- _Exercise objective_
The result should be a word-for-word retyping of the entries below, free of pictures.

[Records from a data collection]
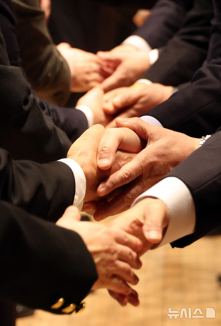 [세종=뉴시스] 강종민 기자 = 2일 세종시 정부세종청사 대강당에서 열린 2026 정부 시무식에서 김민석 국무총리와 장관, 참석자들이 악수하고 있다. 2026.01.02. [email protected]
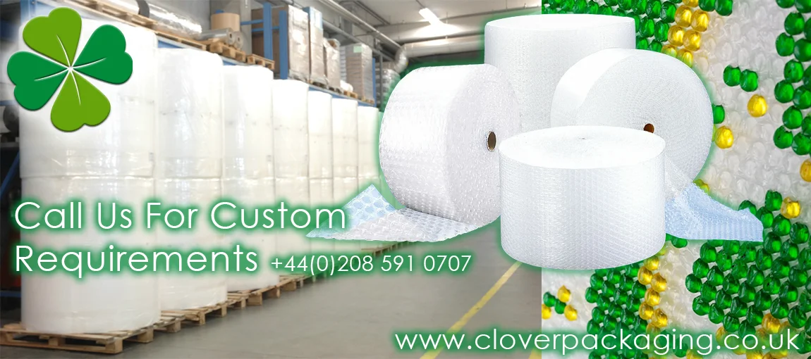 Clover Packaging is proudly able to supply bubble wrap rolls of customised dimensions, manufactured for you right here in the UK.
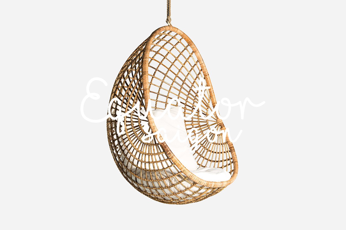 Love this pod chair. Who would not want hang around in this chair on a lazy Sunday. Made from rattan with skin this chair can be used under cover but not full weather proof.
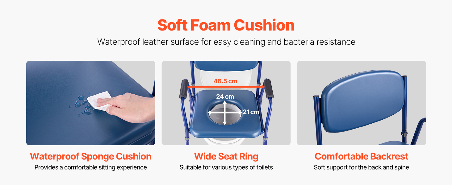 Naša nočná komoda je vybavená sedadlom, prstencom a operadlom z hrubej vysokoodolnej peny pre lepšiu oporu a pohodlie. Je potiahnutá vodeodolnou kožou, ktorá sa ľahko čistí.
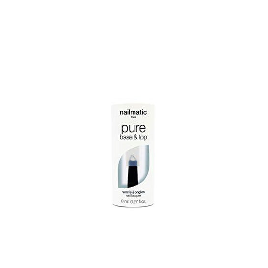 Nailmatic Pure Nail Polish Base & Top 8ml er et essentielt produkt til pleje og forskønnelse af neglene. Det er designet til at beskytte og forlænge holdbarheden af lakken, ideelt for dem, der søger en fejlfri og sund manicure, selv på følsomme eller skrøbelige negle.
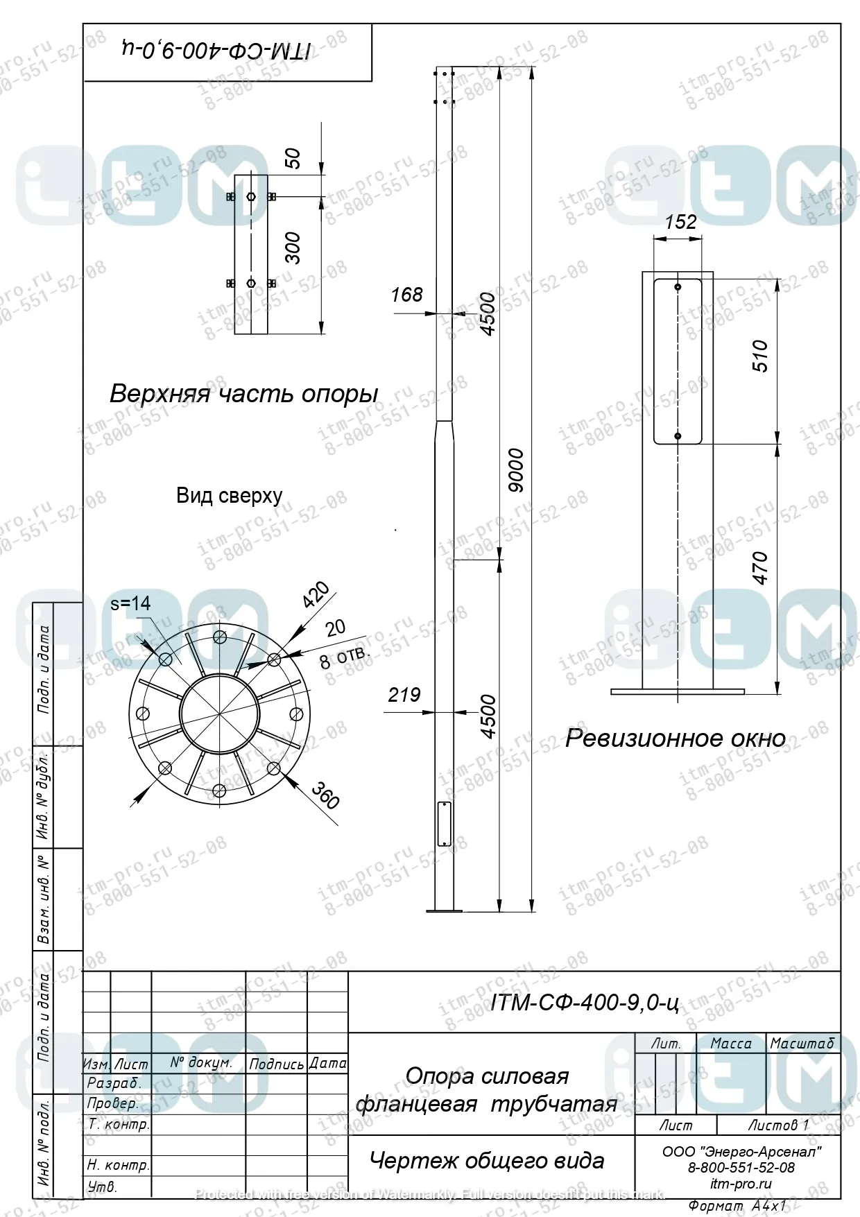 Опоры СФ-400-9,0 – это силовые фланцевые трубчатые опоры, которые способны выдерживать нагрузку до 400 кг, высота столба - 9 метров.

- _Answer section_
 [세종=뉴시스] 강종민 기자 = 2일 세종시 정부세종청사 대강당에서 열린 2026 정부 시무식에서 김민석 국무총리와 장관, 참석자들이 악수하고 있다. 2026.01.02. [email protected]
 Clover Packaging is proudly able to supply bubble wrap rolls of customised dimensions, manufactured for you right here in the UK.
 Love this pod chair. Who would not want hang around in this chair on a lazy Sunday. Made from rattan with skin this chair can be used under cover but not full weather proof.
 Naša nočná komoda je vybavená sedadlom, prstencom a operadlom z hrubej vysokoodolnej peny pre lepšiu oporu a pohodlie. Je potiahnutá vodeodolnou kožou, ktorá sa ľahko čistí.
 Nailmatic Pure Nail Polish Base & Top 8ml er et essentielt produkt til pleje og forskønnelse af neglene. Det er designet til at beskytte og forlænge holdbarheden af lakken, ideelt for dem, der søger en fejlfri og sund manicure, selv på følsomme eller skrøbelige negle.
 Опоры СФ-400-9,0 – это силовые фланцевые трубчатые опоры, которые способны выдерживать нагрузку до 400 кг, высота столба - 9 метров.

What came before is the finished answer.